Inq-ITS is best used when the activities are integrated into a middle school science curriculum; they do a good job of highlighting the Next Generation Science Standards (NGSS). By using these activities throughout the year, students will see that NGSS Cross-Cutting Concepts (such as cause and effect) and Science and Engineering Practices (such as analyzing data) occur in all the scientific disciplines. Additionally, teachers and students can watch these skills grow as the school year progresses.Continue reading Show less
Inq-ITS is a collection of virtual labs for middle schoolers, including topics such as Plate Tectonics, Natural Selection, Forces & Motion, and Phase Changes. Students learn this content through virtual simulations that allow them to design and conduct their own investigations. The virtual labs are broken into four sections described as the Phases of Inquiry: Hypothesis, Collect Data, Analyze Data, and Explain Findings.
Each virtual lab begins with a scenario and a question such as "Why does a population of Slinquettes have different fur colors?" There are multiple variables that students can manipulate, including mutations, temperature, and amount of foliage, for example. Kids make selections to build a hypothesis; support is embedded if students don't include an independent and dependent variable in their hypothesis or if their hypothesis doesn't answer their question. Students use the simulation to run trials and gather evidence. This is followed by an analysis section, where kids make a claim about whether their observations support their hypothesis and select the trials that support their claim. The virtual lab culminates with an online Claim-Evidence-Reasoning form that helps students construct an explanation of the phenomena.

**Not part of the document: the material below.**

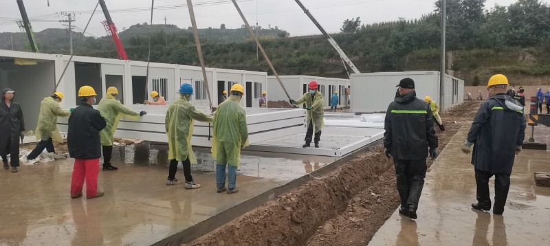 因疫情和連續降雨天氣,給施工造成一定困難,項目部全體人員風雨里、泥濘中拼搏共進,分秒必爭,加快“逆行”腳步,顧不得休息,24小時不間斷輪班施工,全力以赴,統籌協調人力、物力、機械。截至目前已完成100間集裝箱的框架安裝和40套墻板安裝任務,衛浴設施及水電也在緊張施工過程中,剩余未完成工程量的材料已全部發貨,其他要素正逐項配齊。
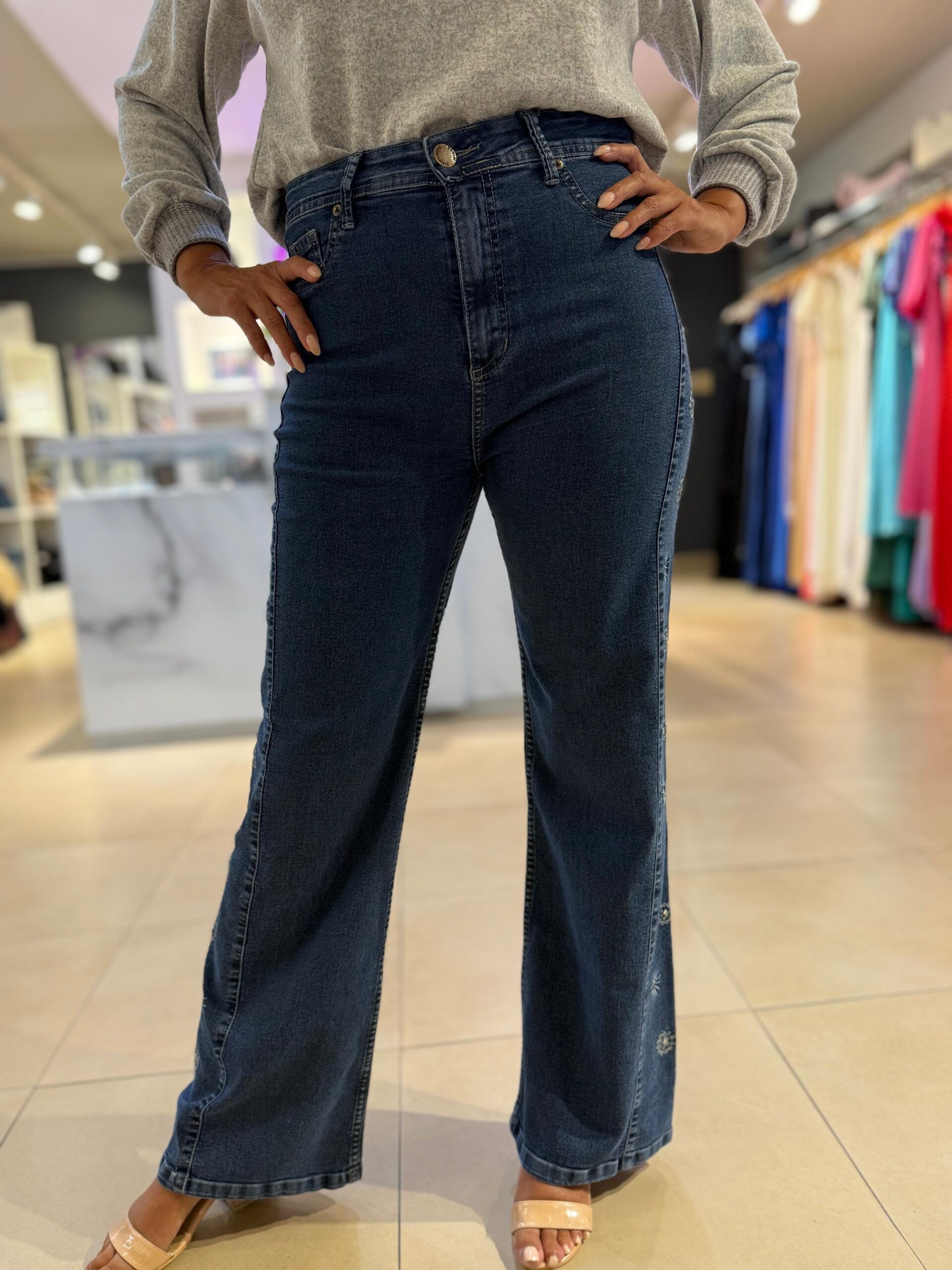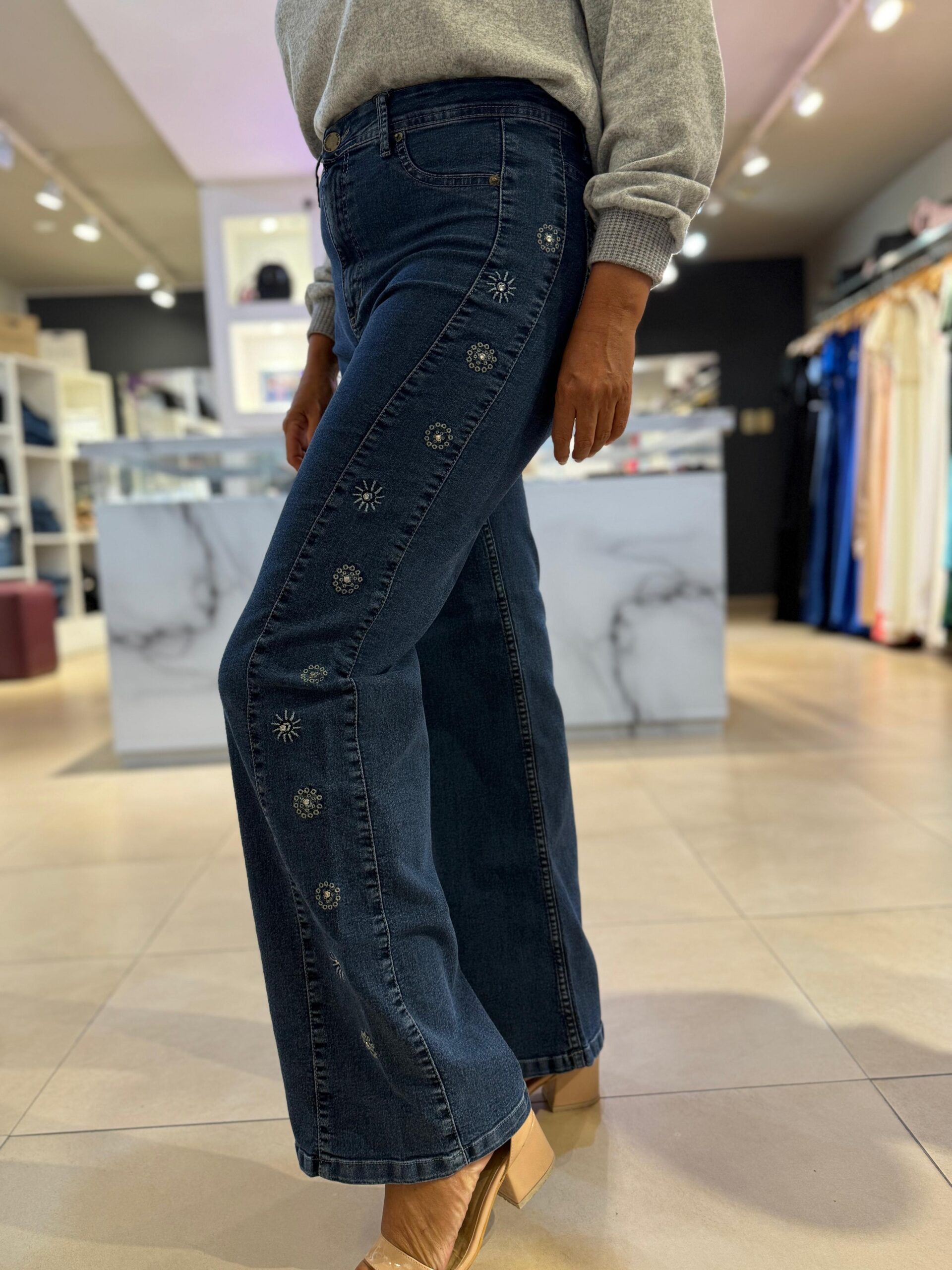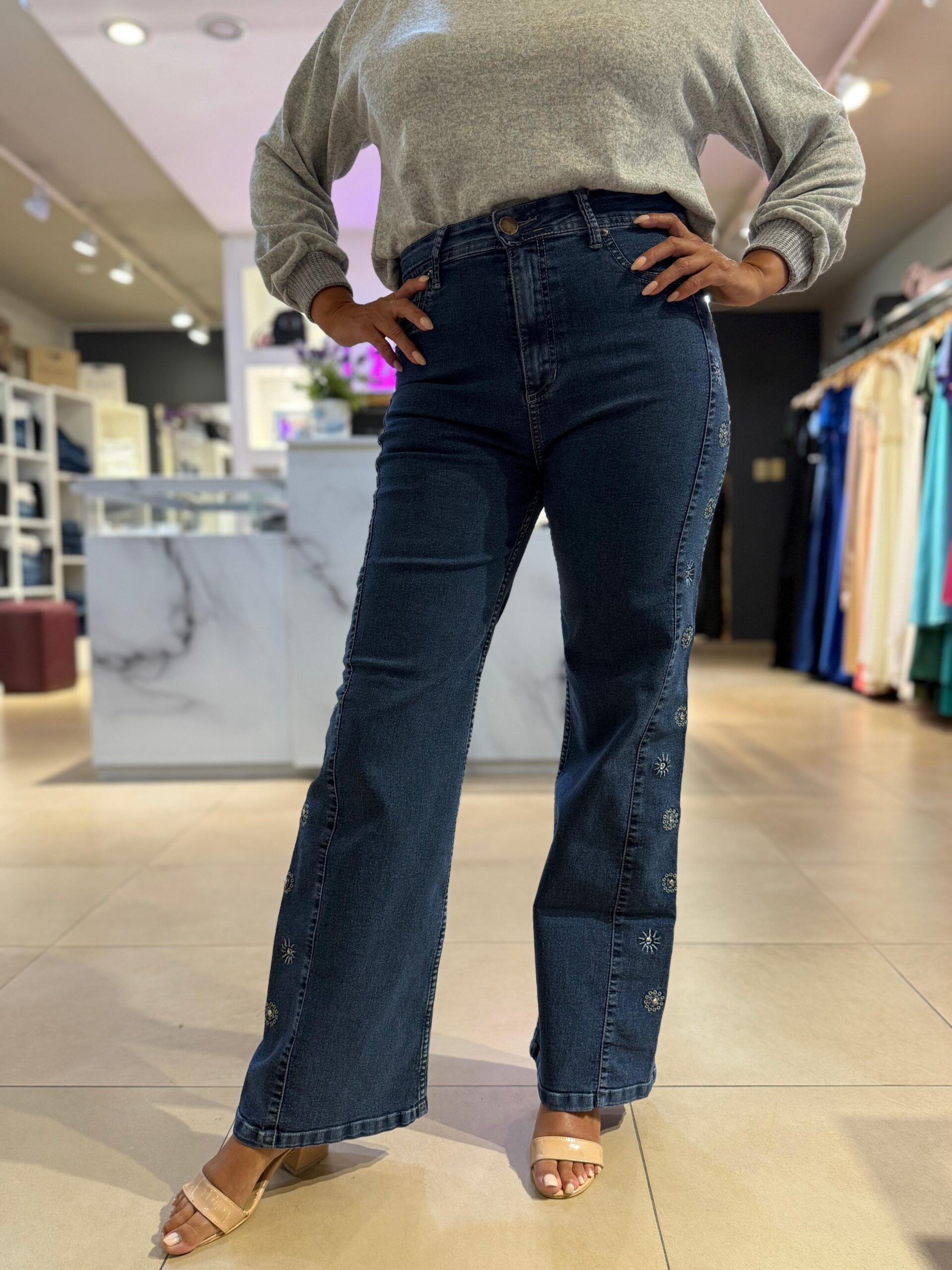 Pantalón elastizado en una lona de jeans super cómoda y liviana, con detalles a sus costados en bordado de hilo y aplique en strass, de la nueva coleccione de invierno.

Inq-ITS truly embodies the three-dimensional nature of the NGSS Science and Engineering Practices; students discover the science content while engaging in inquiry. Emphasized throughout are opportunities for students to create explanations and modify those explanations in light of new evidence. For example, many students think that adding more green leaves will lead to the presence of Slinquettes with green fur. Inq-ITS has a structure that encourages kids to experiment more and discover that the new green trait only shows up in the presence of a mutation. Piece by piece kids are coached through the the Practices: designing investigations, using evidence to make claims, and backing up those claims with evidence and reasoning.
Similar to products such as ExploreLearning Gizmos, Inq-ITS helps teachers track student progress through reports. Inq-ITS reports focus on inquiry practices such as hypothesis formulation, investigation design, and data analysis. Inq-ITS has also taken reporting a step further with real-time alerts. Notes such as "Jill is changing too many variables at once" pop up while students are working. This helps teachers quickly identify who needs one-on-one support.
Key Standards Supported
Biological Evolution: Unity and Diversity
Construct an explanation based on evidence that describes how genetic variations of traits in a population increase some individuals’ probability of surviving and reproducing in a specific environment.
Earth’s Place in the Universe
Develop and use a model of the Earth-sun-moon system to describe the cyclic patterns of lunar phases, eclipses of the sun and moon, and seasons.
Analyze and interpret data on the distribution of fossils and rocks, continental shapes, and seafloor structures to provide evidence of the past plate motions.
From Molecules to Organisms: Structures and Processes
Develop and use a model to describe the function of a cell as a whole and ways parts of cells contribute to the function.
Matter and Its Interactions
Analyze and interpret data on the properties of substances before and after the substances interact to determine if a chemical reaction has occurred.
Develop a model that predicts and describes changes in particle motion, temperature, and state of a pure substance when thermal energy is added or removed.
Motion and Stability: Forces and Interactions
Plan an investigation to provide evidence that the change in an object’s motion depends on the sum of the forces on the object and the mass of the object.
Construct and present arguments using evidence to support the claim that gravitational interactions are attractive and depend on the masses of interacting objects.